Иногда, по вечерам, я шел в кухню и сидел с Пегготи. Там я чувствовал себя хорошо и не боялся быть самим собой. Но такое времяпрепровождение, так же как и уединение у себя в комнате, не было одобрено в гостиной. Страсть к мучительству, господствовавшая там, наложила и на то и на другое свой запрет.

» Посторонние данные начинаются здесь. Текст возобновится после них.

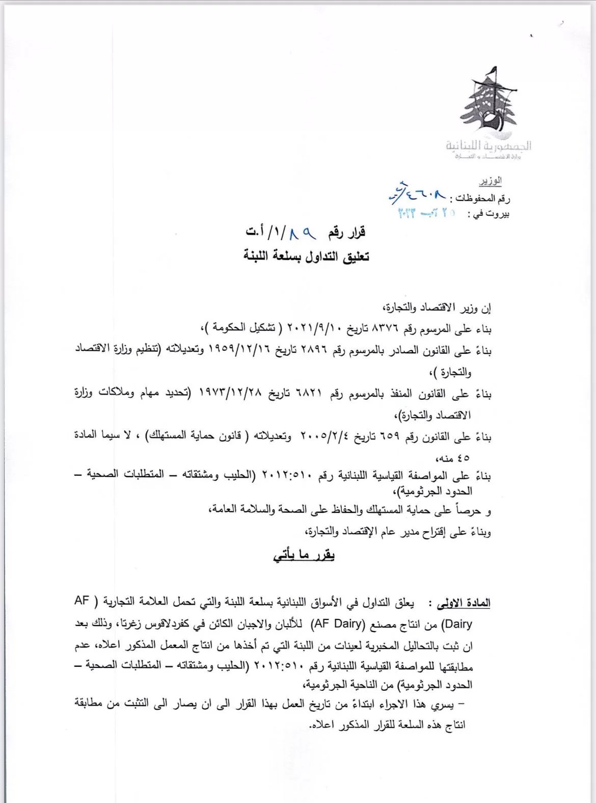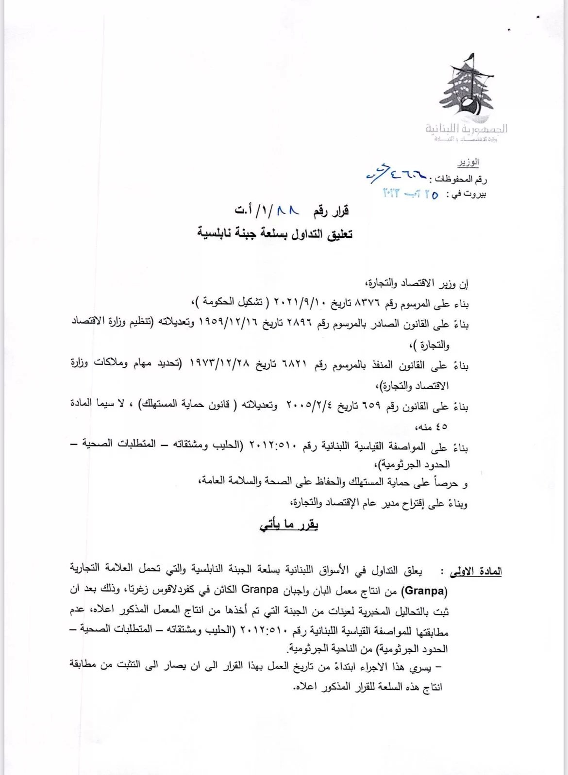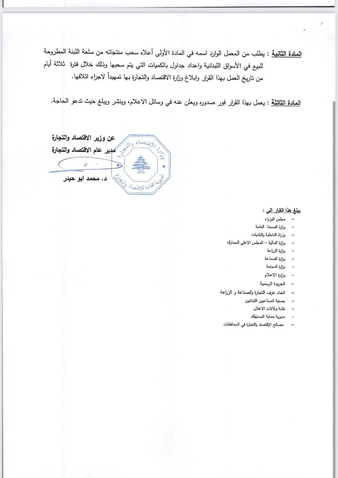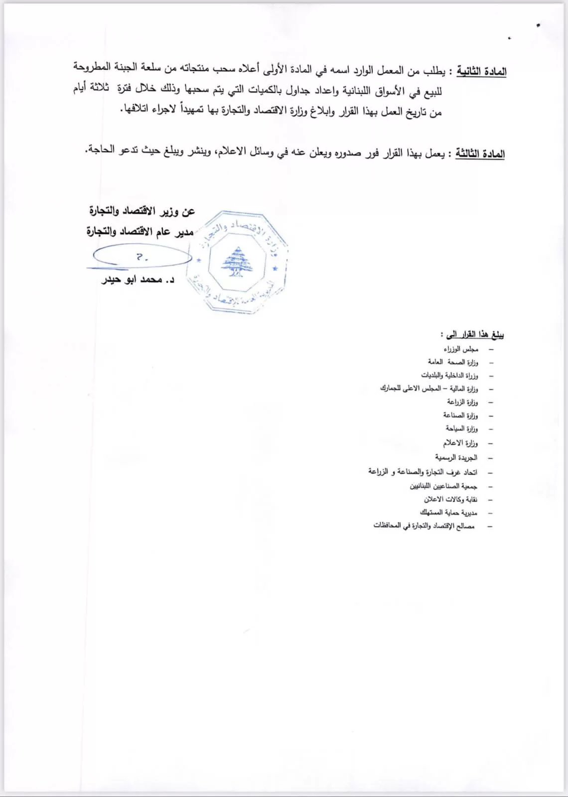 أصدر المدير العام للاقتصاد والتجارة الدكتور محمد أبو حيدر قرارا علق بموجبه التداول بصنفين من اللبنة والجبنة وطلب سحبهما من الاسواق.

Мое присутствие все еще почиталось необходимым для воспитания моей бедной матери, и так как я был нужен, чтобы подвергать ее испытанию, мне было запрещено отлучаться.
– Дэвид, я с сожалением замечаю, что у тебя угрюмый нрав, – сказал мистер Мэрдстон однажды после обеда, когда я, по обыкновению, собирался уйти.
– Мрачен, как медведь! – вставила мисс Мэрдстон.
Я стоял неподвижно, понурившись.
– Самый худший нрав, Дэвид, это нрав угрюмый и строптивый, – продолжал мистер Мэрдстон.
– А такого непокладистого, упрямого нрава, как у этого мальчика, я еще не видывала, – заявила его сестра. – Я думаю, Клара, даже вы не можете этого не признать?
– Простите, дорогая Джейн, – сказала мать, – но вполне ли вы уверены, – конечно, вы примете мои извинения… я надеюсь, вы простите меня, дорогая, – вполне ли вы уверены, что понимаете Дэви?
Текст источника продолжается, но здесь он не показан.